I want to study the Fourier transform of $$L_{\alpha}(t) = \frac{e^{i\alpha t}}{t^2} - i\frac{\alpha}{t}$$
Basically i am trying to get a grip on, given a $f$, what is $f(t)\ast L_{\alpha}(t)$ and am looking at $L_{\alpha}\ast$ as a Fourier multiplier operator.
Motivation : Here
My main motivation was taking derivative of $f\ast\text{p.v.}\frac{e^{i\alpha t}}{t}$ and from comments I realize that its more appropriate to take a distributional derivative of this itself. So my question is on derivative of $f\ast\text{p.v.}\frac{e^{i\alpha t}}{t}$
Ok, from a comment above, I assume that this is what you should do in order to have your operator as a Fourier Multiplier one (or, more essentially, as a well-defined one!)
STEP 1: First, you should correct a bit the notion of $f * \frac{e^{it \alpha}}{t} $: this, in general, does not converge, so that, to make clear what this means to be, you should probably state that you want to differentiate the operator $ f * \{ \text{p.v. } \frac{e^{it \alpha}}{t} \}$. Taking a closer look:
$$ \text{p.v. } \frac{e^{it\alpha}}{t} * f (x) = \lim_{\epsilon \to 0} \int_{|y-x|\ge \epsilon} \frac{f(y)e^{i(x-y)\alpha}}{x-y} dy \\ = \pi e^{i\alpha x} \mathcal{H}(e^{-iy\alpha}f) $$
Where $\mathcal{H}$ Denotes the Hilbert Transform (click here)
STEP 2: So, to differentiate this function, we should, somehow, differentiate the Hilbert Transform. One way to do this is to differentiate the tempered distribution $\text{p.v. } \frac{1}{t} $. We recall some basic concepts:
From the alternative definition of the Hilbert Transform (i.e., $ (\mathcal{H}f)^{\wedge} = - i \;\text{sgn} \hat{f} $ ) we see that $ \frac{\text{d}}{\text{d}x} \mathcal{H}f ( x) = \mathcal{H} \left( \frac{\text{d}}{\text{d} x} f \right) (x) $, at least if $f \in \mathcal{S} ( \mathbb{R})$.
STEP 3: Looking back to our problem, we can, using the product rule to differentiate, get that
$$ \frac{\text{d}}{\text{d}x} \left( \text{p.v. } \frac{e^{i\alpha t}}{t} * f (x) \right) = \pi (i\alpha e^{i\alpha x} \mathcal{H}(e^{-i\alpha y} f) + e^{i\alpha x} \mathcal{H} ( e^{-iy\alpha}(-i\alpha f + f')) ) = \pi e^{ix \alpha} \mathcal{H} (e^{-iy\alpha}f') $$
Using some basic rules of the Fourier Transform, when we pass it on the last expression for $ f \in \mathcal{S} (\mathbb{R})$, we get something like
$$- \pi i \text{ sgn}(\theta - \frac{\alpha}{2\pi}) \hat{f'}(\theta) = - \pi i \cdot (2\pi i \theta) \text{ sgn}(\theta - \frac{\alpha}{2\pi}) \hat{f}(\theta) = 2 \pi^2 \theta \text{ sgn} (\theta - \frac{\alpha}{2\pi}) \hat{f}(\theta) $$
And this gives your desired Fourier Multiplier.

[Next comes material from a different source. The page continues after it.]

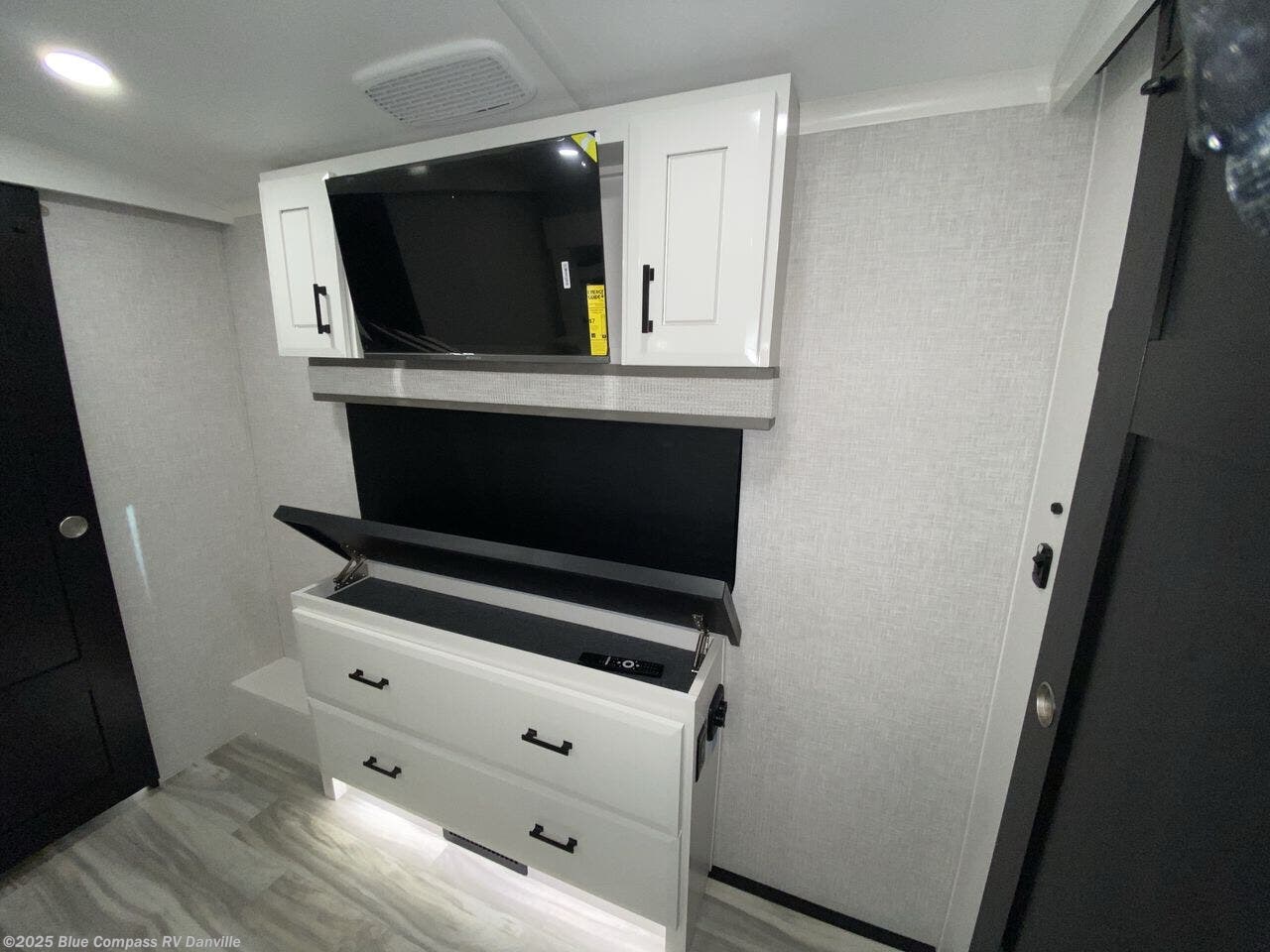 Triples slides, a desk/coffee bar, fireplace, and a huge master bath in front all indicate the kind of vacation you will experience in this Pinnacle Fifth Wheel! As you enter, a convenient half bath is located straight ahead. Slightly to your left, a nice seating area for gathering with family or friends to relax and watch TV, enjoy the fireplace while reading a book or watching a movie, and the dining table with chairs. The dinette slide also houses a 21 cu. ft. residential refrigerator and pantry. The rear kitchen features a u-shaped counter, all the appliances you need to cook like at home, even a pull-out butcher block space for chopping up your veggies. Back through and up the steps to your right in front, the master bedroom will make you feel like royalty with its king bed, plus luxurious full rear bath. A huge vanity with dual bath sinks will allow you both to get ready at the same time, plus there is a walk-in shower with a seat for added convenience. Speaking of walk-in, you will also love the spacious walk-in closet that includes washer/dryer prep.

Remark 1: Note that this is almost the same as Cameron's result - maybe the reason is that, here, I am defining
$$ \hat{f} (\xi) = \int f(t) e^{-2\pi i t \xi} \text{d} t $$
And the fact that, in his arguing, he was looking at your operator, instead of the definition that I gave here.
Remark 2: Your original operator is likely not the distributional derivative of the Operator we are dealing with - in fact, if you look carefully for some smooth function $ f $ such that $\text{supp} f \subseteq [-1,1]$, $f\equiv 1 $ in a neighborhood of 1, then the second summand converges on the principal value sense, but the first one does not - and that makes impossible the study of the operator you wrote there. So, if one really wants to differentiate the way you did, the best way to do it is with the help of distributions and the fine properties of the Hilbert Transform.